__Data extract__:
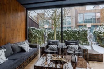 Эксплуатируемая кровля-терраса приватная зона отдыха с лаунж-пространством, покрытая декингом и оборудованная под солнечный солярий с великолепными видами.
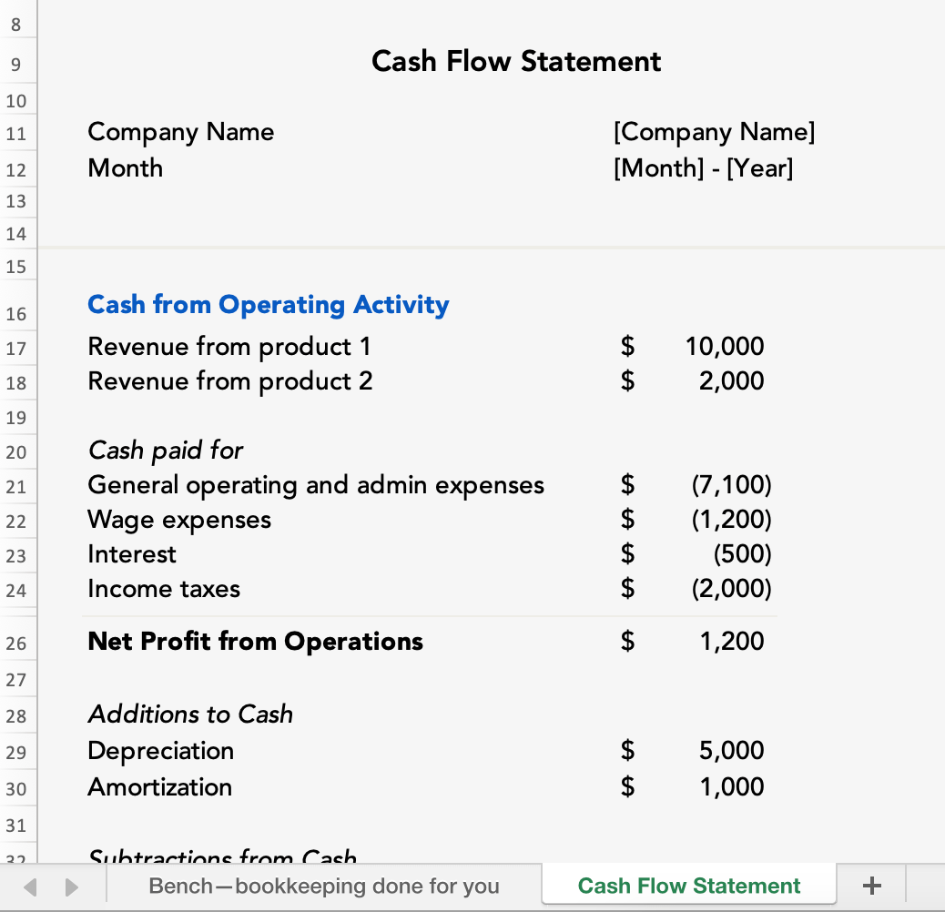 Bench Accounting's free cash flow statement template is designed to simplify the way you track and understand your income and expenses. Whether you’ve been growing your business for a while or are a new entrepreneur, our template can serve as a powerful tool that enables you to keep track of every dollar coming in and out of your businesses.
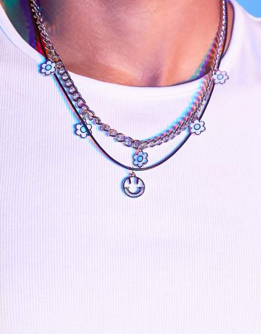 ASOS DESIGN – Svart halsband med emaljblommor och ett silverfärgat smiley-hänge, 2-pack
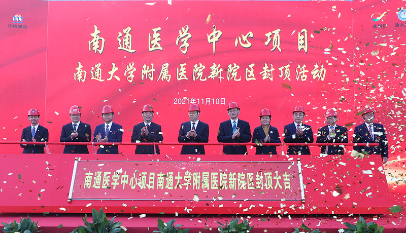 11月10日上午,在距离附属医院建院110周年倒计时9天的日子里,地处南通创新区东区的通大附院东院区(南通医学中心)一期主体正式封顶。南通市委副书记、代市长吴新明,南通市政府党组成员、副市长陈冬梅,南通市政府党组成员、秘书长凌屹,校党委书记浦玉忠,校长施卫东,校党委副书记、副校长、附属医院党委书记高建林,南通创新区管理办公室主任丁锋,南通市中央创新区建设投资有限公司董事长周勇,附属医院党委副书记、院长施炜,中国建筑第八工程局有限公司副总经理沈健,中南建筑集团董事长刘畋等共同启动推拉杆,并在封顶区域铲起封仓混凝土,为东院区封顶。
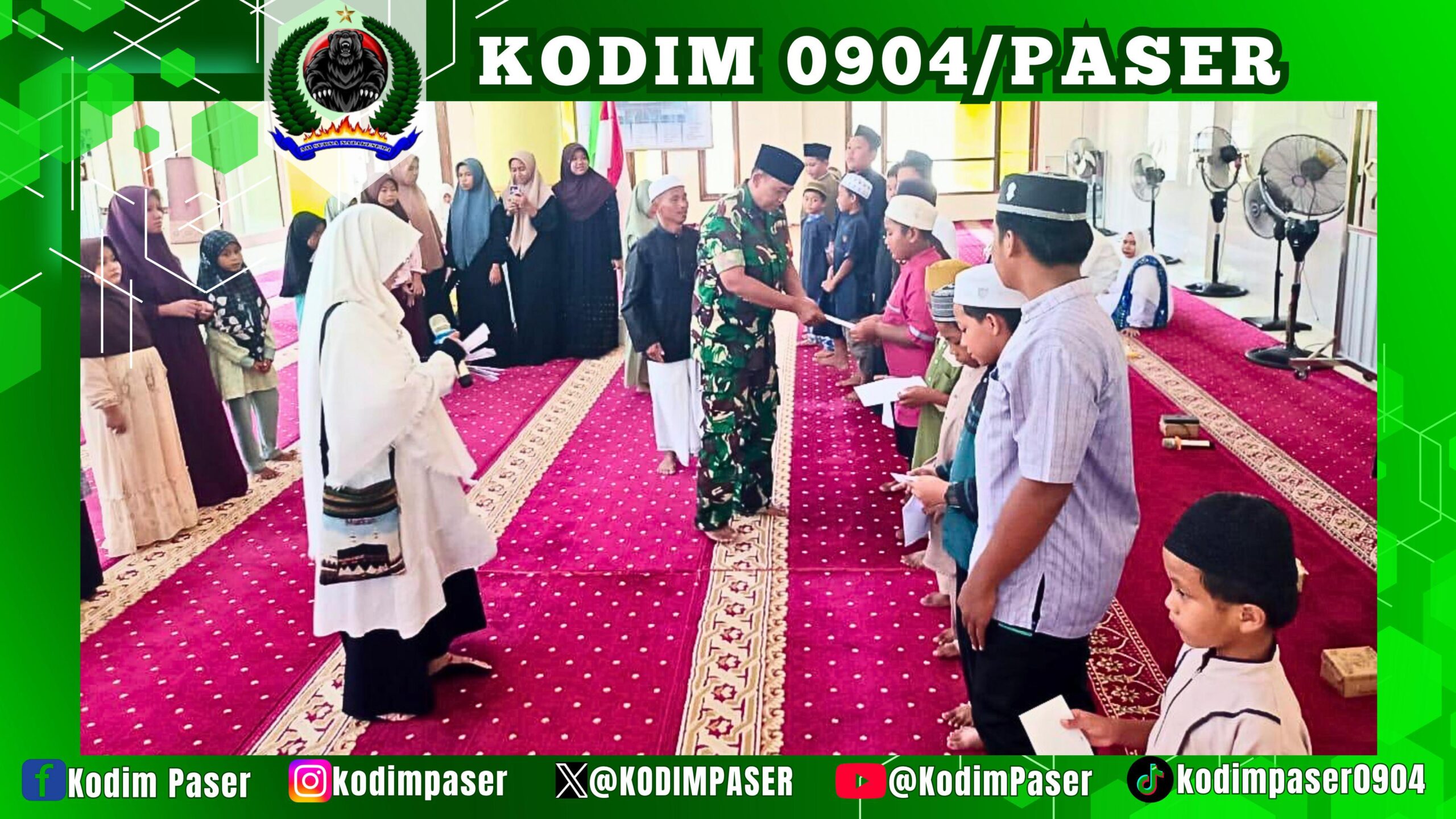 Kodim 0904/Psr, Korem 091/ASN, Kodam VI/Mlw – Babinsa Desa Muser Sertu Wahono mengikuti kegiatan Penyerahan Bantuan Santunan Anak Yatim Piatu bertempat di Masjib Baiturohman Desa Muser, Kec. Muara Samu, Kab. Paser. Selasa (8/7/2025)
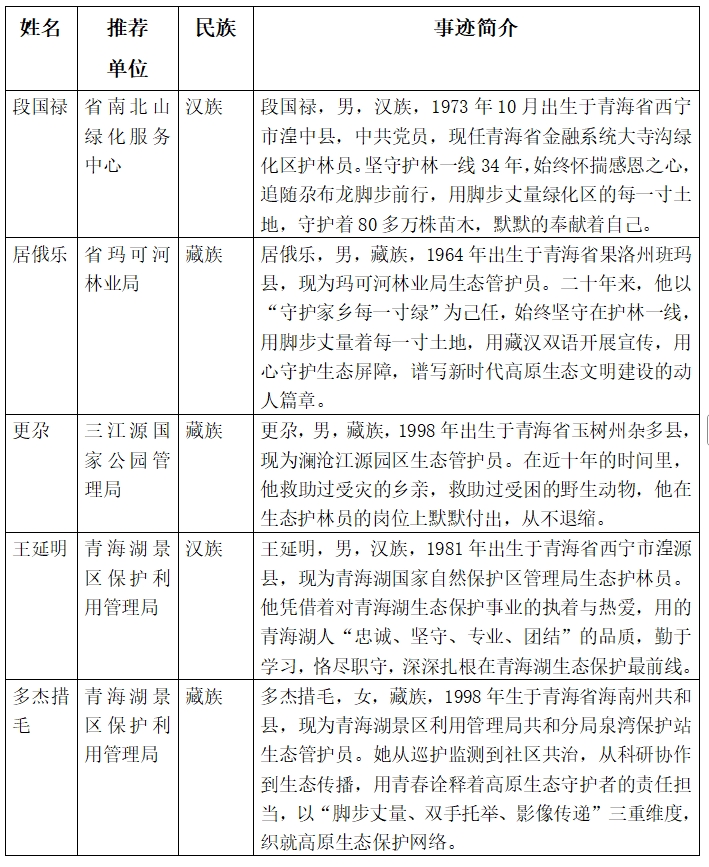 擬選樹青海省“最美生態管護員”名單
...
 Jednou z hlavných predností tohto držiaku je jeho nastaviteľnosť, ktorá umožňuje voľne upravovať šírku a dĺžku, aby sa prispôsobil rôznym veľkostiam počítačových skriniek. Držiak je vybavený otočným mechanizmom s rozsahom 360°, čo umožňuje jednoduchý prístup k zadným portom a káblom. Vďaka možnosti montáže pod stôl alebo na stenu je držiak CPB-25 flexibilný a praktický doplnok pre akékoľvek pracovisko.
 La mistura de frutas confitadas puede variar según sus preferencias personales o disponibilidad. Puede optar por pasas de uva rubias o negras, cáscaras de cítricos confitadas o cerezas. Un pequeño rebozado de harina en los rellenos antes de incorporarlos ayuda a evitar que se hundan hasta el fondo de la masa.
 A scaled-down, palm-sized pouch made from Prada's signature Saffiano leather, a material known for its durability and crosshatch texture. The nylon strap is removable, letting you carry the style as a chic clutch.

__Task to carry out__: Pictures aside, print exactly the lines above starting with the one containing "ASOS DESIGN –" and going on through the one containing "11月10日上午,在距离附属".

__Final answer__:
 ASOS DESIGN – Svart halsband med emaljblommor och ett silverfärgat smiley-hänge, 2-pack
 11月10日上午,在距离附属医院建院110周年倒计时9天的日子里,地处南通创新区东区的通大附院东院区(南通医学中心)一期主体正式封顶。南通市委副书记、代市长吴新明,南通市政府党组成员、副市长陈冬梅,南通市政府党组成员、秘书长凌屹,校党委书记浦玉忠,校长施卫东,校党委副书记、副校长、附属医院党委书记高建林,南通创新区管理办公室主任丁锋,南通市中央创新区建设投资有限公司董事长周勇,附属医院党委副书记、院长施炜,中国建筑第八工程局有限公司副总经理沈健,中南建筑集团董事长刘畋等共同启动推拉杆,并在封顶区域铲起封仓混凝土,为东院区封顶。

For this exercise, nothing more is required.